Through the analysis process of the 66 indicators, 13 were discarded for being redundant, resulting in 53 final indicators to conduct an exploratory factorial analysis with Promax rotation, which weighted the units of realism based on the variability expressed. It allowed for the synthesizing of the contribution of each component of realism and the calculation of it by dimensions or globally, taking global realism to mean the overall verisimilitude achieved through the realism of the simulated participant, of the scenography, and of the simulator. Finally, experts have simplified the wording of indicators to facilitate reading and interpretation, seeking to reduce fatigue of the evaluator and the tendency to apply the same rating to several indicators.
To calculate global realism through ProRealSim v.1.0, the following weights apply for each dimension:
  • 50% Simulated Participant—prevalent weight based on the relevance shown in the results of the study and supported by the literature that endorses the importance of the simulated participant to create atmospheres of almost absolute realism [4,20,21,22].
  • 20% Simulator—less impactful weight due to the numerous reviewed studies that suggest that the simulator has the least impact on realism, due to the great variety of typologies and challenge in reproducing all aspects of the real patient. Some systematic reviews suggest that the efficacy of the simulation depends more on the training level of the students than on the realism of the simulator [22,23,24].
  • 30% Scenography—remaining percentage, but with significant weight, considering the relevance facilities and material elements have when composing ambiance to facilitate immersion of those participating in the scenario [25].

3. Results

Figure 1 shows the categorization of the 53 indicators subject to the statistical analysis, organizing those among dimensions, units, and systematic variables.
To confirm statistical validity of the study and sample heterogeneity, no discrimination was made between experts or non-experts. Table 2 presents the means and respective ranges of appraisers’ assessment derived from the 32 data points and 53 indicators, resulting in a p-value significant in all cases (p < 0.05).
The intra-observer agreement was measured using Cronbach’s Alpha and Guttman’s Lambda 6 (G6), which provide a number between zero (0) and one (1), where one (1) denotes perfect agreement. Results are presented in Table 3 and confirm high internal consistency (≥0.969) for the assessments conducted by the same appraiser. This strengthens the reliability of the instrument within this context, with an index very close to perfect correlation, according to George and Mallery [26].

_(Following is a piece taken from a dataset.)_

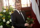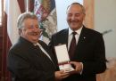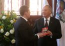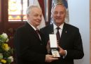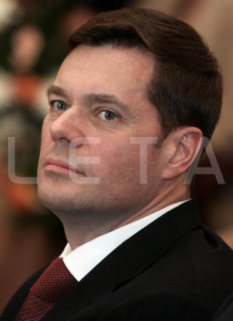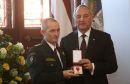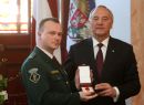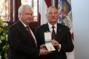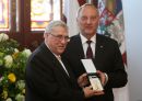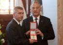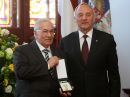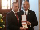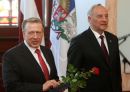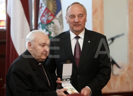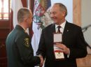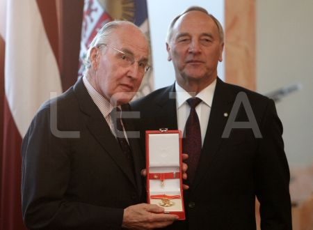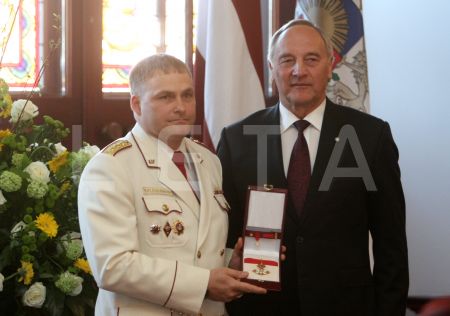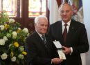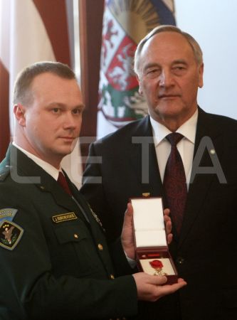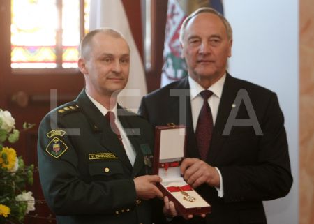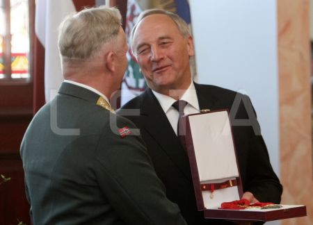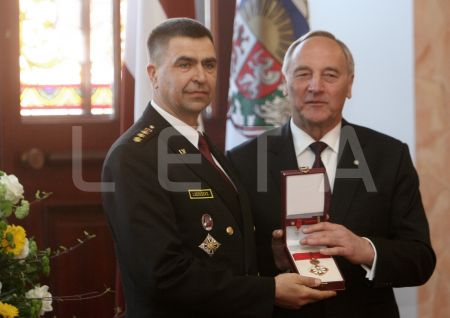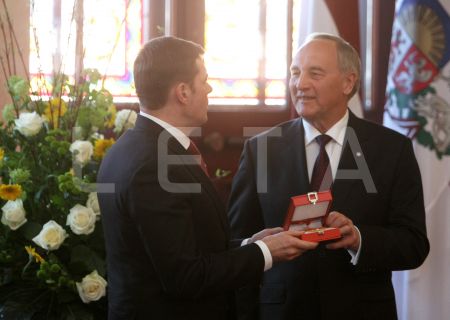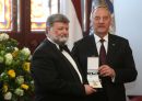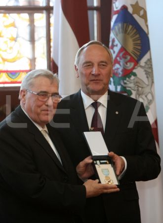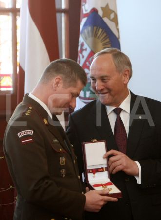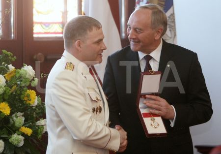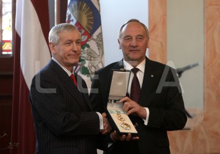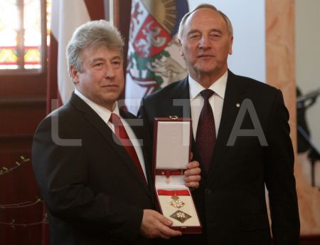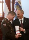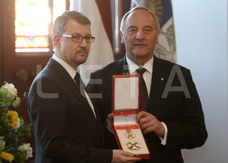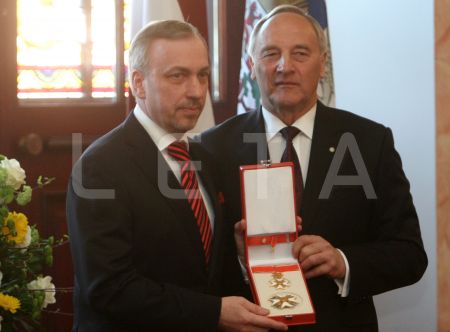 Valsts prezidents Andris Bērziņš (no labās) pasniedz valsts ...

The inter-observer agreement was measured using the Intraclass Correlation Coefficient (ICC), which provides a number between zero (0) and one (1), where one (1) denotes perfect agreement. The index used was ICC2k. Table 4 presents the global agreement and agreement between evaluators. Results show that agreement and reliability was good for the simulator realism test, but poor for the simulated participant and the scenography, which showed greater dispersion.

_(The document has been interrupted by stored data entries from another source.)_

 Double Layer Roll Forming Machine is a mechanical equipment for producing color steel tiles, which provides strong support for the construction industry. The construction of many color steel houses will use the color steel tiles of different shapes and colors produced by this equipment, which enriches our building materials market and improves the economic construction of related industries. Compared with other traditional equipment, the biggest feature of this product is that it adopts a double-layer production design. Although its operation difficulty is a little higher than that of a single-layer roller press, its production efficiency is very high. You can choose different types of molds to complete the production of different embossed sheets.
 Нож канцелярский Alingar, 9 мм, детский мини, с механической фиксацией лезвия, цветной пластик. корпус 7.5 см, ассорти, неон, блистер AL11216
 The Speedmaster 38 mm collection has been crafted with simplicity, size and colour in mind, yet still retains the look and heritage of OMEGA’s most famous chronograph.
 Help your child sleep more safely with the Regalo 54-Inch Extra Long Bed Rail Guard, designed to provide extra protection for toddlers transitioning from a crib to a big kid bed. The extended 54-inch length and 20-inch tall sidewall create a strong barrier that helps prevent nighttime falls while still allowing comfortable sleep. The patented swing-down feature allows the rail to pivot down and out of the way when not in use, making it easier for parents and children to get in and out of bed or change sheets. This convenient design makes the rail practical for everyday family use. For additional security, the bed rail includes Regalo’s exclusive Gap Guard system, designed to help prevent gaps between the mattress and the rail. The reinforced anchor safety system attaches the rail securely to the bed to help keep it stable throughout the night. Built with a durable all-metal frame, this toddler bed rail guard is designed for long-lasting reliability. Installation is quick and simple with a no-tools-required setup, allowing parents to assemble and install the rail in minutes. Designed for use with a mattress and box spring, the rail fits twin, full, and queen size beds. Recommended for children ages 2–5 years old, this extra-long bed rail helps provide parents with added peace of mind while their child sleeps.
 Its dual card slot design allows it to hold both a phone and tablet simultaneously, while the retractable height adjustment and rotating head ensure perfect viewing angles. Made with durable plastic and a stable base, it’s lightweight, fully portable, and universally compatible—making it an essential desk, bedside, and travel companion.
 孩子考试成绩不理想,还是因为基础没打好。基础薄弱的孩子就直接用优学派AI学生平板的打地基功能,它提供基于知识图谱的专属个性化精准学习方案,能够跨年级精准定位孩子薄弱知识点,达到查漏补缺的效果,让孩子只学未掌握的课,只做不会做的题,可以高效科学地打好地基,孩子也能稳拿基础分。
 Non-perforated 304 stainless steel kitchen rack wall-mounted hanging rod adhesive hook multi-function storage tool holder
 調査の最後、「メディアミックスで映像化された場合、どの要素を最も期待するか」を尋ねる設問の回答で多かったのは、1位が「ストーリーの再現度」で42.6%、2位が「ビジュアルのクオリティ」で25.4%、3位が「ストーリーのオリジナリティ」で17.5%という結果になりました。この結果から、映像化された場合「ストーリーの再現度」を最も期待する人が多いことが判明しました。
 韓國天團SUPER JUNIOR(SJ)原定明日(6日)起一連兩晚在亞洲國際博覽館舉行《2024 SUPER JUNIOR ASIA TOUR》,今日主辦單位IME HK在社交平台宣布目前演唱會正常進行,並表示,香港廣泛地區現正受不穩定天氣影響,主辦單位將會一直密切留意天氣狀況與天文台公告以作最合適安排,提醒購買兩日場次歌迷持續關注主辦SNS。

To further analyze the inter-observer agreement, the correlation of the assessments between different observers was measured. Correlation is an indicator of the degree of linear association between two measurements that range from minus one (−1) to plus one (+1), zero (0) representing a lack of linear association.
The following figures intend to provide a visual representation of the inter-observer agreement and correlation between aspects being assessed. The ascending diagonal marks perfect correlation (+1), guiding the color code applied to the result matrix and facilitating its interpretation. The predominance of blue denotes a strong and positive correlation, versus red and white, which denote negative or inexistent correlations, respectively.

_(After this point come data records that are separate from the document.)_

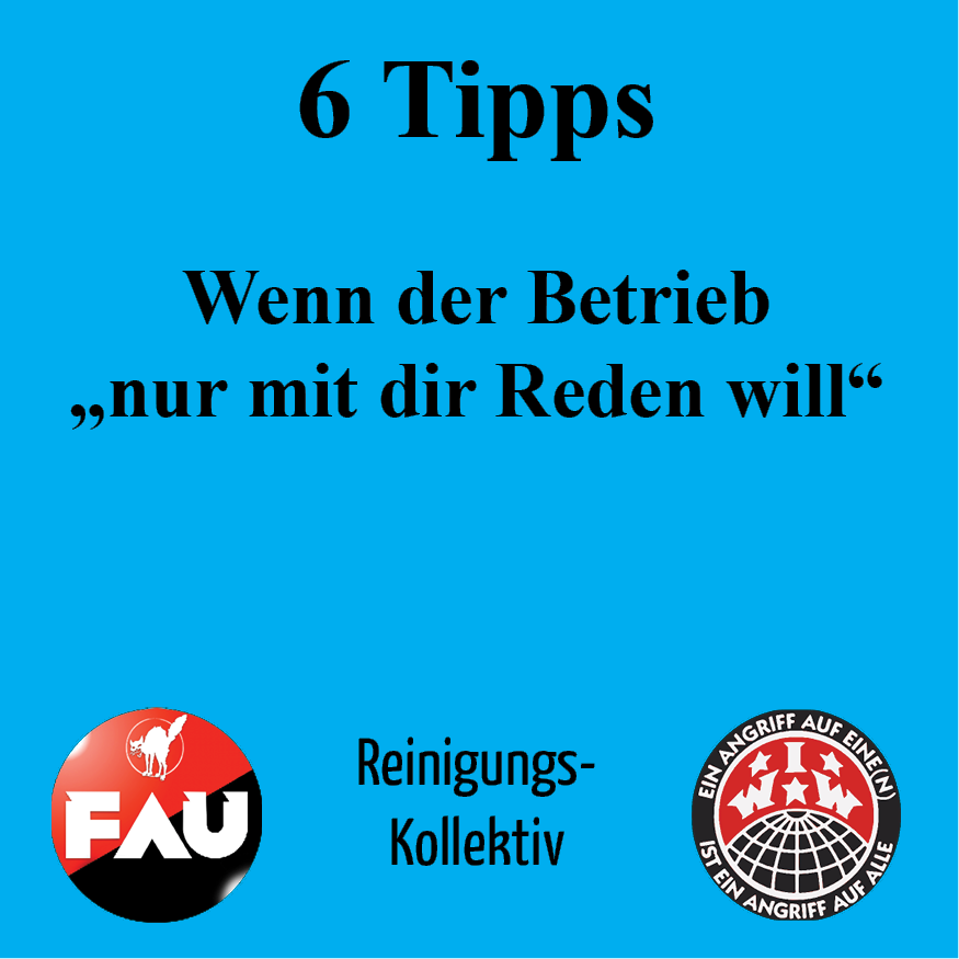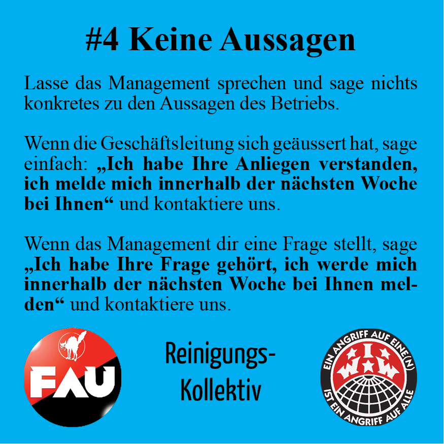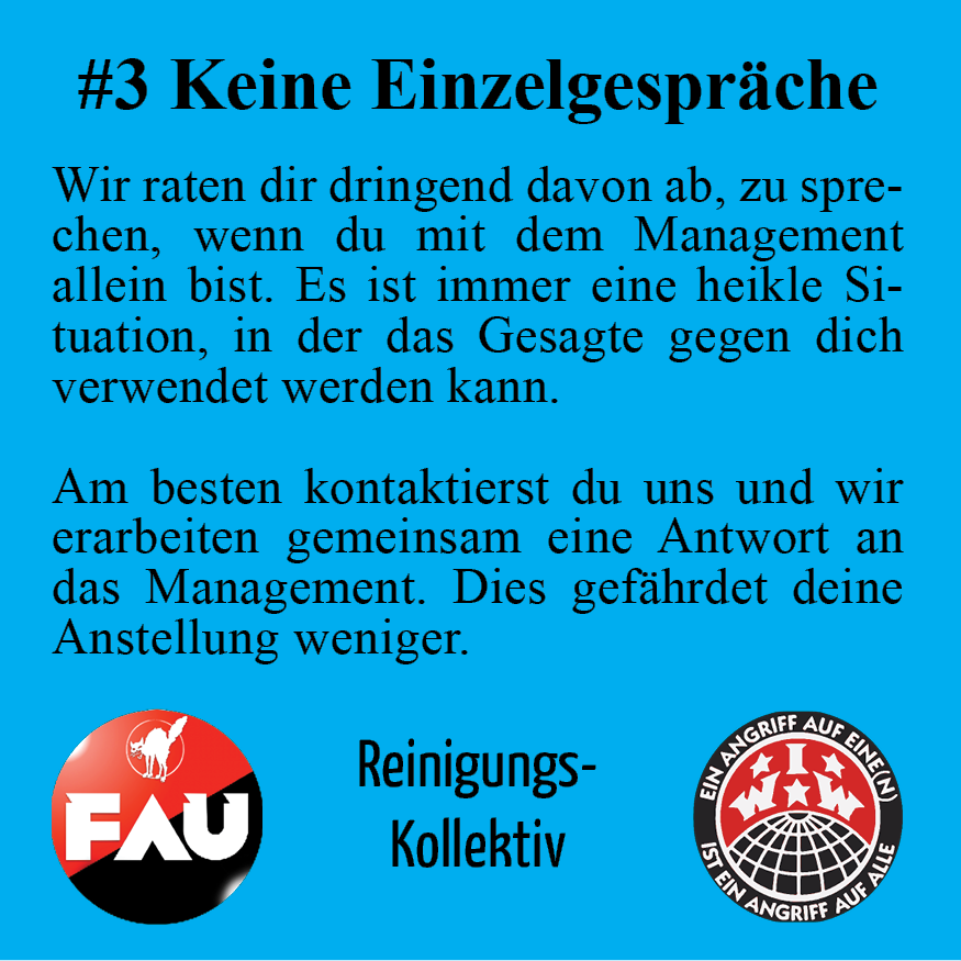 Heute hat die Reinigungsfirma Enzler zu einem weiteren Mittel des (Grassroots) Union Busting gegriffen: Sie hat die Sozial"Partner*in" Unia eingeladen und die Teilnahme an der Veranstaltung zur Pflicht erklärt. Die seit Beginn des Arbeitskonfliktes abwesende Unia einzuladen, soll den Konflikt weg von den kämpfenden Basisgewerkschaften drängen. Doch Arbeiter*innen von Enzler hatten bereits vor der Unia eine Resolution verabschiedet, in der sie der FAU, IWW und dem Reinigungskollektiv ihr Vertrauten aussprechen.
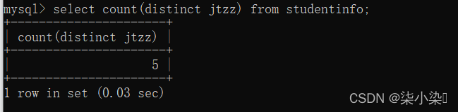 count(distinct 列名):查询所查列名的行数,取掉重复的数据,且不允许值为NULL的行数。
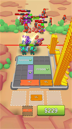 2、将箱子与武器合并,增强你的基地塔炮部队,发射威力更大的子弹。

Figure 2 presents the correlation between the 24 indicators that characterize the dimension of Simulated Participant. A strong correlation may be observed for conceptual and emotional characterization, in addition to improvisation, confirmed by the concentration of the blue color and denoting highly consistent evaluations in those areas. Correlation for simulated participants´ phenotype indicators is more disperse, marked by light blue color lines and columns, denoting low consistency between evaluations when assessing physical characteristics.
Figure 3 presents the correlation between the 11 indicators that characterize the dimension of Scenography. A strong correlation may be observed among all indicators (all > 0.8), confirmed by how homogeneously distributed the blue color is, denoting highly consistent evaluations.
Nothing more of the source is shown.